Thursday, May 15, 2014

Embarrassing Those Who Answer the Call

I've had two discussions in as many months with a surgeon and an ordained minister about student loan debt. Not a few thousand dollars, but tens and hundreds of thousands of dollars. Enough debt to embarrass them in their work. When I heard these numbers, I cringed - and my heart went to them. And it bothers me now.

In the case of a United Methodist pastor being received into a conference, saddling them with a bunch of debt is a no-no - at least, if we take the Historic Questions (esp. #18) seriously.

What's interesting is that the original question wasn't, "Are you in debt as to embarrass you in your work?" It was, simply, "Are you in debt?" No doubt, the Wesley brothers knew the pain and burden of debt firsthand, since their father (and priest) Samuel had to be bailed out of prison twice for indebtedness - part of which was debt that he inherited from his mother. In addition to serving as a priest, he tried to be a farmer and a writer - and was successful at neither. Thus, the Early Methodists were understandably nervous about any of their ministers having any debt.

We live in a world where debt is increasingly commonplace, but a dangerous trend is coming upon those who seek to get an education: the amount of student debt in the United States recently surpassed $1 trillion, which makes it rank higher than all other kinds of debt except homeowner/mortgage debt. The delinquency rate for student loans has also gone up 40% in the last five years (Forbes, August 2013). While debt levels are coming down in all other areas, they are skyrocketing for student debt.

It's a double whammy for seminary graduates, who may have accrued debt from undergraduate school and have seminary debt on top of that... and then go to their first full-time pastorate making a salary less than what school teachers start out at. The most comprehensive study of this comes from Auburn Theological Seminary in New York, a Presbyterian seminary founded in 1818.

Tuition costs are increasing far faster than inflation costs. When I graduated from the Candler School of Theology at Emory University in 1991, tuition was $6,800 a year; in today's dollars (using consumer price indices from 1991-2013) that would be $11,605. However, Candler's tuition this year is $20,334 - meaning that it costs today's students nearly twice as much to go to seminary than it did my generation. And according to Auburn Theological's research, living expenses and previous undergraduate debt pile up an even more incredible indebtedness. As I look though the various seminary tuitions and cost comparisons to years previous at other schools, the percentages tend to be the same.

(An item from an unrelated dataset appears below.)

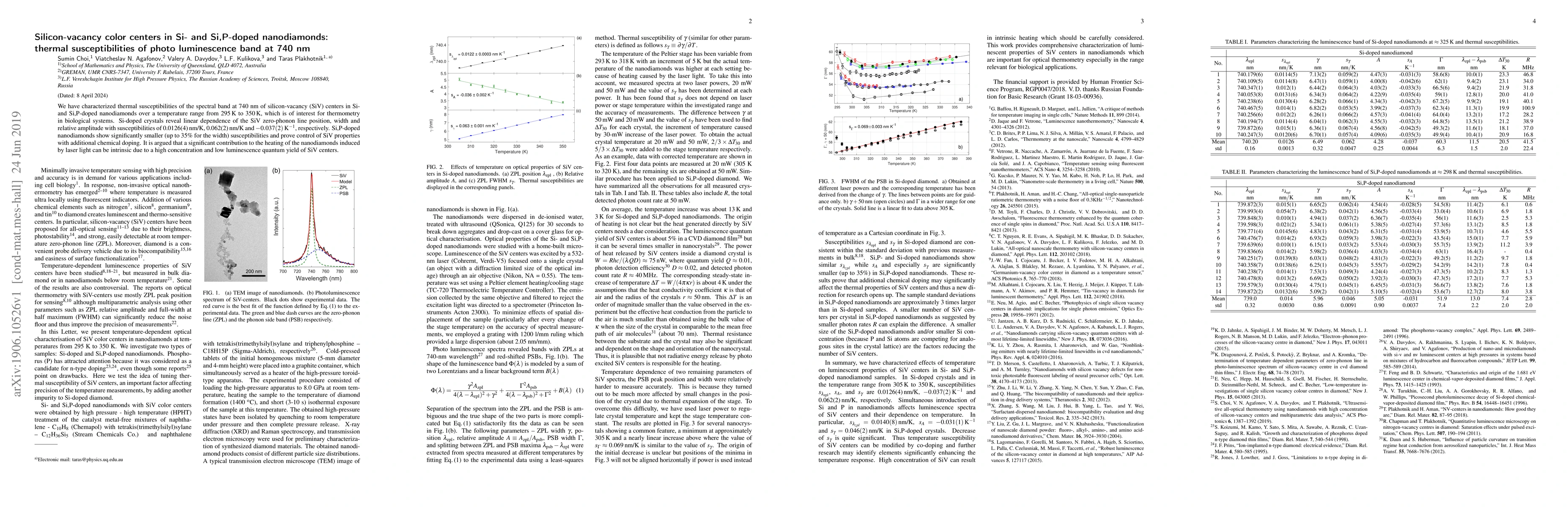 We have characterized thermal susceptibilities of the spectral band at 740 nm of silicon-vacancy (SiV) centers in Si- and Si,P-doped nanodiamonds over a temperature range from 295 K to 350 K, which is of interest for thermometry in biological systems. Si-doped crystals reveal linear dependence of the SiV zero-phonon line position, width and relative amplitude with susceptibilities of 0.0126(4) nm/K, 0.062(2) nm/K and $-0.037(2)$ K$^{-1}$, respectively. Si,P-doped nanodiamonds show significantly smaller (up to 35 % for the width) susceptibilities and prove control of SiV properties with additional chemical doping. It is argued that a significant contribution to the heating of the nanodiamonds induced by laser light can be intrinsic due to a high concentration and low luminescence quantum yield of SiV centers.

And since the Auburn study came out nine years ago, Sharon Miller (associate director of The Center for the Study for Theological Education) more recently noted in 2012 that, "It is no longer unusual for seminary student to leave school with $70k-$80k of debt." I am assuming that is undergraduate and seminary education combined.

While some financial planning could certainly save some students some grief, one cannot escape the increasing costs of seminary compared to salaries and an economy which have not risen at the same rate - and that this is the minimum standard required for one who feels called to elders orders in the United Methodist Church. This just isn't a problem for students, but also for conferences and seminaries as well. Conferences are seeing fewer young people pursue their call for many reasons, but finances are surely a part of the decision. Seminaries may find that future students maybe more savvy about finances (i.e., Dave Ramsey graduates) and will shop and find better deals, as the Auburn article states, "some combination of lower tuition price, lower living costs, and higher aid or increased employment possibilities." Some will surely go part-time and delay entering into ministry until later in life.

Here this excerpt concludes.